Garyr, I've seen that e-book or series of e-books before and I've probably downloaded it/them to my computer at home.  I have skimmed over it, but there was just too much in there for me to really start trying to figure it out.  Perhaps after I'm done learning the form our teacher is doing with us now, I'll have enough knowledge to get something out of looking at the Yang Lu Chaun form.

disciple, I'm pretty sure you're correct about the 48 posture combined form.  Since it includes moves from other styles, e.g. Chen which is noted for having explosive movements, it would have some hard movements in it.  I don't think there are a lot of hard moves, but there should be a few, maybe half a dozen or so?  Something like that I think.

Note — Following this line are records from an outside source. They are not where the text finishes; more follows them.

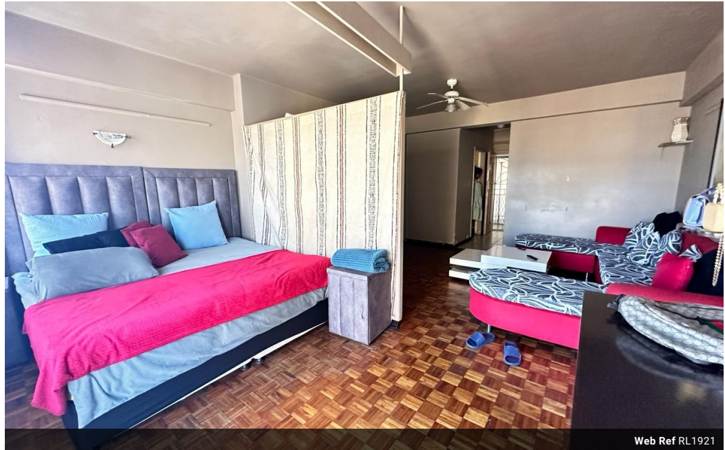
Web Ref RL1921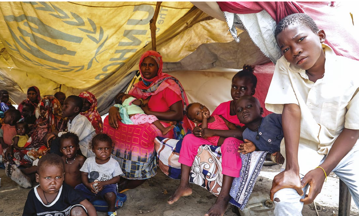
📷 Families fleeing Khartoum found refuge among already displaced community in White Nile, Sudan.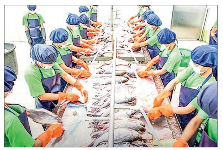
Female workers diligently process the export fishery products.

Individuals can contact the helpdesk section of the Customs Department via 01 379429 if they encounter any difficulties. — NN/KK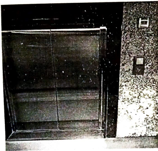
Lift is provided alternative to stairs, students and faculty use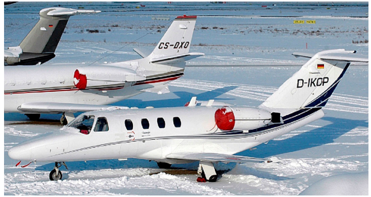
Cessna Citation "Bikini" Type Engine Covers: Extremely Light & Portable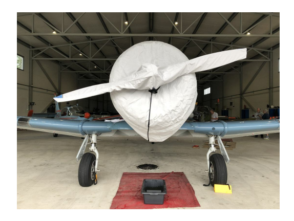
North American T6 Prop & Engine Covers

This cover type is made from Silver Acrylic Sunbrella canvas and is 100% lined with a soft and smooth microfiber. Bruce's Custom Covers developed this material combination especially for aircraft protection. The outer material is medium weight and treated for water resistance, UV resistance and anti-static buildup. The inner lining is a very soft and smooth microfiber to prevent scratching. The material is very reflective, and tests show that the cabin interior temperature can be reduced to near-ambient temperature on the hottest of days. It is water, ice and snow repellent, yet breathable to allow moisture to escape from between the cover and the aircraft surface.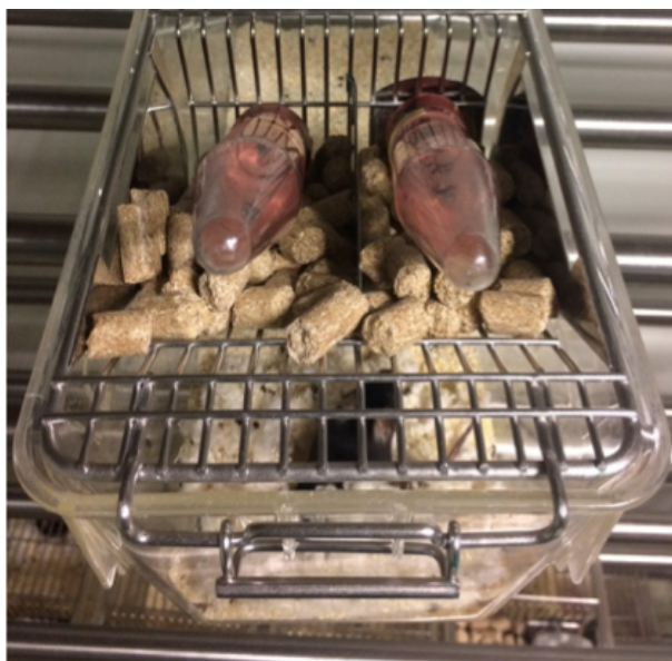
Figure 2. Position of the bottles. The position of the bottles is changed during the protocol (see Procedure) in order to habituate the mice to drink from both positions. However, bottles must be maintained at the same height and angle throughout the protocol. Note that food is distributed in both sides of the metal grid.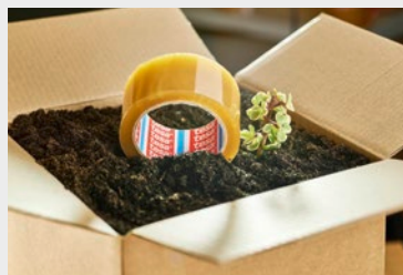
98% bio-based carbon content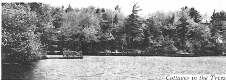
Cottages in the Trees

Elevation above sea level is 1800 feet and the summer temperature is never above 80 degrees and nights are cool for sleeping, with blankets necessary at all times.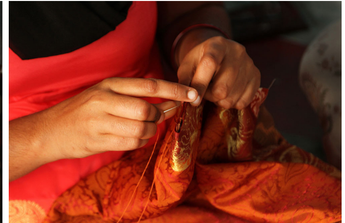
Sari border & other cloth pieces being used to create variety of pattern.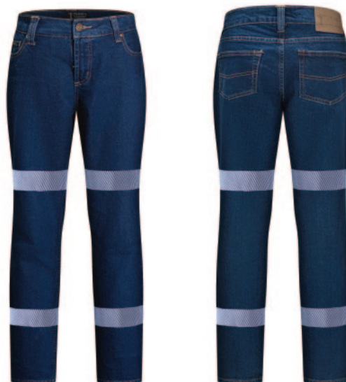
Stone Wash Blue Denim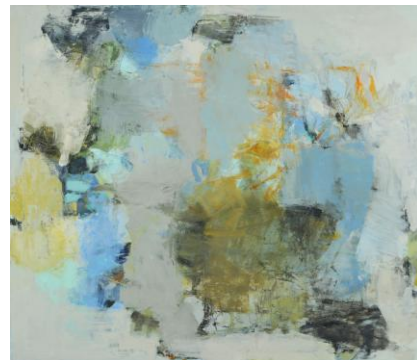
Quicksilver, 36 x 36", $5000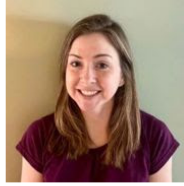
SLI Welcomes Three New Clinical Educators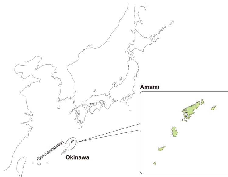
Figure 1. Amami is located southwest of Japan, and together with Okinawa forms a chain of islands known as the Ryukyu archipelago.

nira (local leek/Chinese chives), imoduru (sweet-potato vines), handama (local spinach), togan , unripe papaya consumed as a vegetable, and local fruits such as shimamikan (island-mikan oranges), and passion-fruit. While the Japan Dietetic Association, approved by the Japanese Ministry of Health and Welfare, promotes the use of local food products in their dietary guidelines, and the “Amami Kodakara Project” studied the nutritional breakdown of the “longevity foods” they had raised, there has never been, to the best of our knowledge, an overarching epidemiological study on the protective effects of these “longevity foods” or specific local vegetables and fruits from Amami on death and/or cancer risk to date.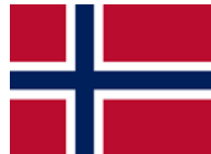
Government of Norway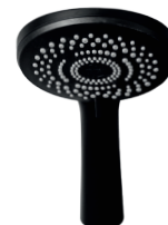
Enya - 5 Spray Matte Black GAENYSH3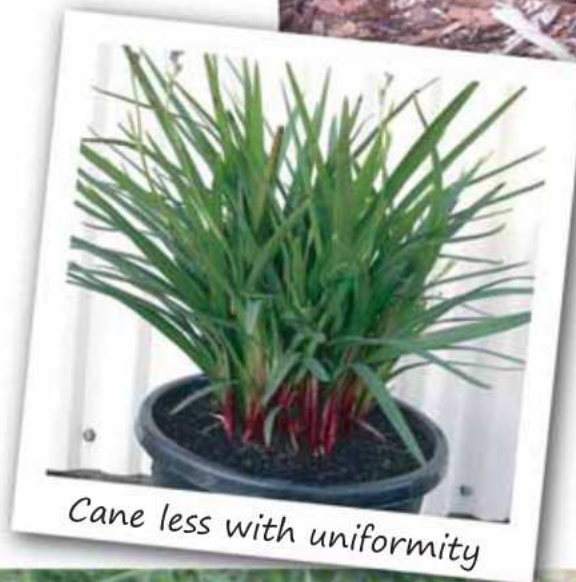
Cane less with uniformity

Aranda thrives in sandy loam, clay loam, free draining soils. It performs exceptionally in improved garden soils. It has no problems with any well composted, processed mulch type. Ideal as a tidy border plant, with a clean neat appearance in the landscape. Also a very compact plant for mass planting. It has tightly held rhizomes.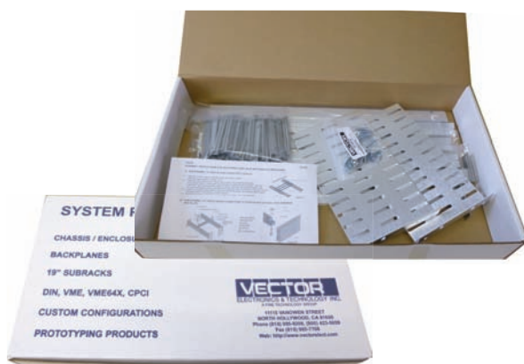
Subrack Kits (CCK)

New Item: CCK19F/90 (For max 11.5" x 13.5" cards)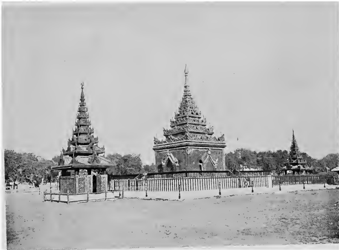
King Mindoon's Tomb, Mandalay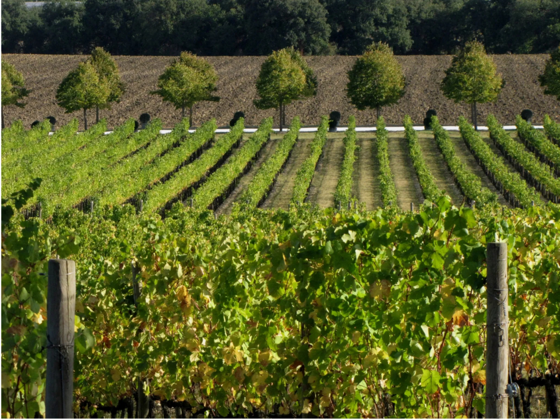
Il Pollenza Vineyards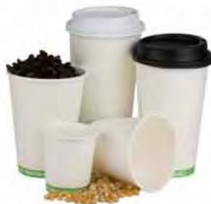
Compostable Cups, Plates & Utensils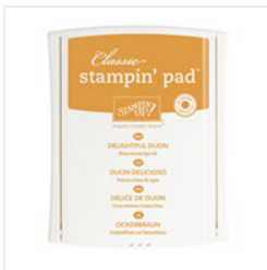
Delightful Dijon Classic Stampin' Pad - 138327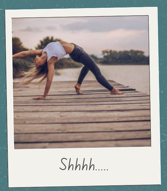
Yoga at the Lake

Rob_Broad, I know what you mean about the schools.  This is one of the things I was concerned with when I was looking around for classes being given in my area.  I heard too much about how most schools don't know or at least don't teach tai chi with/from the martial arts standpoint.  I was afraid that where ever I went it would be treated as simply a health exercise and I knew it was more than that.  That's why I'm glad to be learning it from our teacher who started us off with long fist.  He has shown us some fighting applications of tai chi moves to help us understand them, so he clearly knows about the martial arts aspect of it.  I'm glad that I'm learning it now and from someone who knows the martial aspects of it.


----------



## disciple (Mar 15, 2002)

*Kaith!* 
Maybe after reading this thread, you should reconsider the summary for tai chi forum on the first page 

salute

:asian:


----------



## Bob Hubbard (Mar 16, 2002)

LOL
I stole most of my summaries from descriptions I found.  Maybe you guys who know TaiChi can write us a better one? 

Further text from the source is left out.